Angel was raised in Appalachia with the Great Smoky Mountains National Park in her backyard. As a child, she loved playing in the woods, especially during fall, fascinated by all the colors and different shapes of leaves. She first established personal connections with the Smokies when her family would go to the creek at Greenbrier, an ongoing tradition with her mother. Parks as Classrooms field trips at Pi Beta Phi elementary school positively influenced her career choice. At Gatlinburg-Pittman high school, Angel led service club projects for 4-H and Rotary Interact Club including teaching after-school entomology classes at the Gatlinburg Boys & Girls Club.
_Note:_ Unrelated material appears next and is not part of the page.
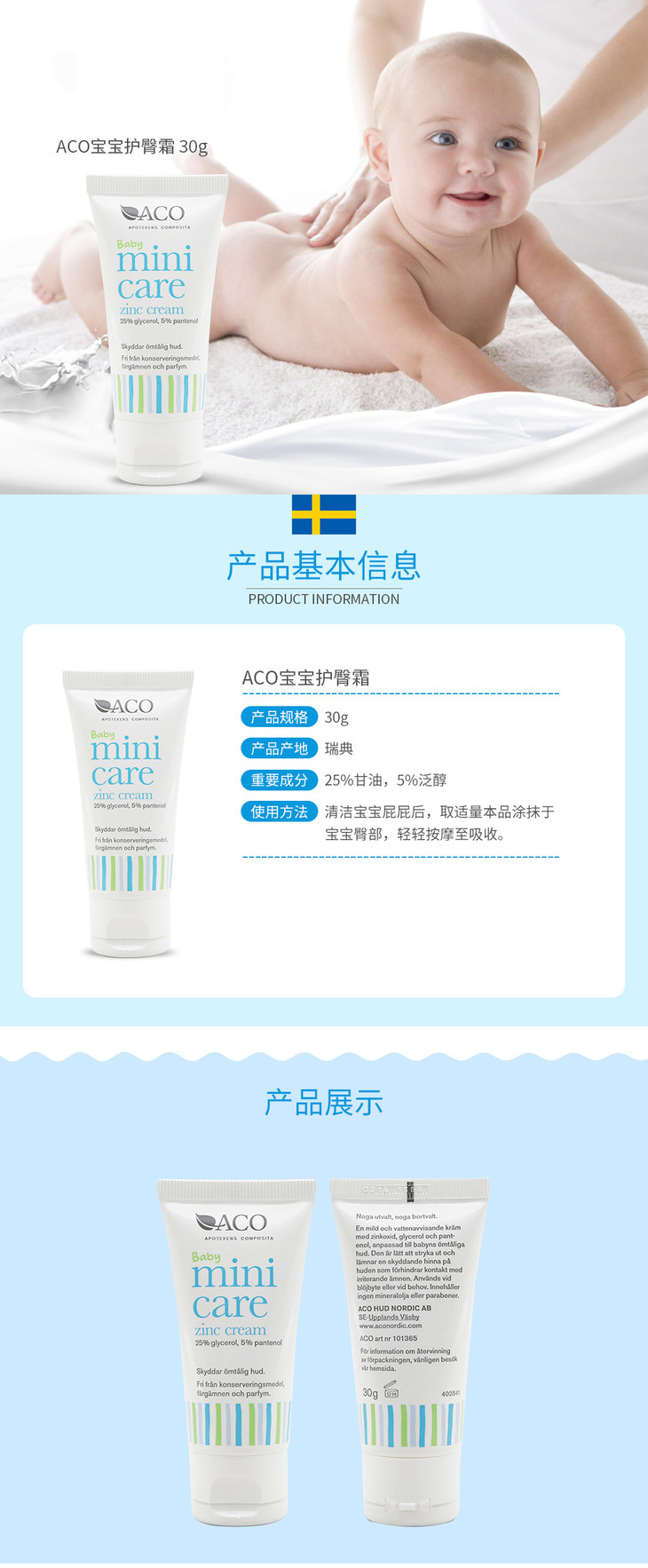 [瑞典]ACO迷你护理婴儿锌霜30克 ACO Minicare Baby Zink Cream 30g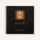 Luxuriöse exklusive Namenssignatur, Doppelmonogramm und Ihr Schreibbüro oder persönliches Spiralheft mit einem Imitat aus metallischem Gold, quadratisch, auf einem stilvollen, schwarzen Imitat Leder (PRINTED) Hintergrund. +++++++++++++++ Geeignet für kleine Unternehmen, Firmenfachleute oder selbstständige Geschäftsleute, Studierende, Stylist- und Markenfachleute, Makeup-Künstler oder Schönheitssalons sowie Boutique- oder Ladenmanager.

In college at the University of Tennessee, Angel studied forestry restoration and conservation with a minor in entomology and plant pathology. Throughout college, she worked as a research assistant for UTK’s Forestry, Wildlife, and Fisheries Dept. and Entomology and Plant Pathology Dept. assisting forest health projects and presented research locally and nationally including at the Society of American Foresters National Convention in Portland, OR. She loved competing in timbersports saw competitions with UTK’s SAF chapter. In 2017, Angel studied abroad at University of Canterbury in Christchurch, NZ in and backpacked New Zealand’s south island coast to coast. Angel is deeply grateful for this dream opportunity to serve the Great Smoky Mountains National Park as Citizen Science Assistant with AmeriCorps Project Conserve.